Well, yes, that was my point…that’s it difficult, and how successful will they be without the trading aspect? You bring up something else I hadn’t considered, though. They can do promo DECKS, but not promo cards. That sounds pricey.

One thing that might be very, very cool is if they let you design your own archon by choosing the houses and graphic, etc. and maybe one rare card or something (if that), then they send you the deck. Tom Vasel would be first in line.

Aren’t those concerns all identical with an LCG? Netrunner seemed to do fine in spite of that.

I think the incentives to buy new decks are that they’re only $10, which is impulse purchase territory for me, and that they’ve hinted they’re rolling out cards in stages. Not much info on how they’re doing that, but presumably when the next “season” of Keyforge hits, you can get decks that feature a whole new set of cards. Which is a pretty big incentive for me at least.

He touched on it a little bit in the video, but I think this game is the closest realization of Garfield’s quest to create a collectible game without a metagame.

Garfield’s original vision for Magic assumed that 1) no one would spend a ton of money on the booster packs and 2) you’d mostly be playing with your friends. Rare cards were considered balanced because there would only be one or two within your playgroup. When Magic caught on, people wanted to play to win, so they started secondary markets for people to buy and sell cards. Suddenly, it was pretty easy to put decks together with nothing but the best cards, and the competitive scene started developing.
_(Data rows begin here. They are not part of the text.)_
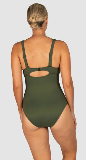 Baku's Rococco E-F Ladder Lace One Piece swimsuit combines elegance with support, designed for the modern woman. Crafted from buttery soft yet structured fabric, it offers flattering shaping and tummy control with power mesh. Featuring a dropped neckline with delicate ladder lace, underwire and boning support, removable cups, and a clip-back closure, this swimsuit ensures confidence and comfort. Made from high-quality textural fabric developed in Spain and designed in Australia, it’s perfect for a sophisticated, secure fit.
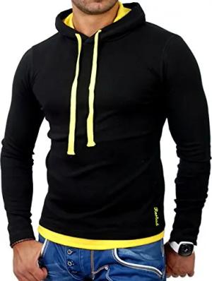 Herren Pullover Kapuzenpullover Sweatshirt Sweater Pulli Hoodie RS-1003 Schwarz-Gelb M
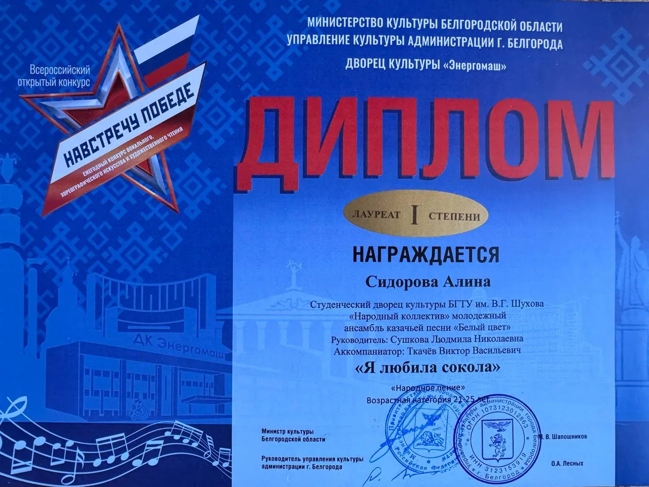 Алина Сидорова, студентка инженерно-строительного института БГТУ им. В.Г. Шухова и солистка молодежного ансамбля казачьей песни «Белый цвет» (руководитель Л. Сушкова), выступила на Всероссийском конкурсе вокального, хореографического искусства и художественного чтения «Навстречу Победе», который прошёл в ДК «Энергомаш».
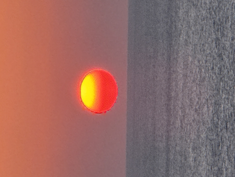 The scene depicts a celestial event, likely a sunrise or sunset, over a body of water in Alonia, Greece. A prominent, circular solar disc is centrally positioned in the upper half of the frame, exhibiting a gradient from vibrant yellow at its top to deep red at its bottom. The sky above the horizon is uniformly colored in shades of orange-red. The lower half of the image presents the surface of the sea, characterized by a textured, subtly rippled appearance in grey-blue tones. No human figures, vessels, or other distinct objects are visible, and no actions or interactions are depicted within the frame.

More importantly, Wizards needed to start developing their cards assuming that a competitive scene existed, which meant all of the cool ideas that Garfield was so good at coming up with didn’t really have a place anymore. You can’t play Shaharazad in tournaments because it takes too long. You can’t play Chaos Orb because it’s too swingy. You can’t play for ante because no one wants to lose cards that now have monetary value.

Magic also lost some of its collectible “uniqueness.” Again, Garfield’s vision was that cards wouldn’t be readily available, so everyone you ran into would probably have a deck you hadn’t seen before. You would have pride in your deck because you knew it was fairly unique. Or maybe you’d collect and curate a few decks that you liked playing. The idea was that “ownership” of your deck was something special. Now, competitive decks have archetypes and names, so you rarely come across “Bradley’s deck” at FNM – instead, you see “Bradley’s Eldrazi deck” which is functionally identical to anyone else’s Eldrazi deck.

I think Garfield is trying to recapture his original vision for Magic. Once you have a deck, that’s your deck. It might be similar to other decks that have those factions, but your combination is always going to be different from the person sitting across from you, and everyone you play is going to have something pretty unique. Because there’s no curation, and the power level seems relatively flat, a deck is only ever going to be worth what it’s worth to you, and that will depend entirely on how much you like the way the deck plays.

If a secondary market even emerges, it’s going to be more along the lines of deck-for-deck trades (with accompanying descriptions) instead of any kind of monetary value. Like “I’ve got a Mars-Shadow-Sanctum deck that steals amber. I want a deck that’s similar but has this specific card in it.” (Actually, does anyone want to register KeyForgeTraders.com? I bet we’d make a bit of money).

I have no idea what this means for a competitive scene. If it winds up feeling like you win as a result of your skill, it’s got a future. If it feels like you’re flipping a coin every time, I’m not optimistic about its chances.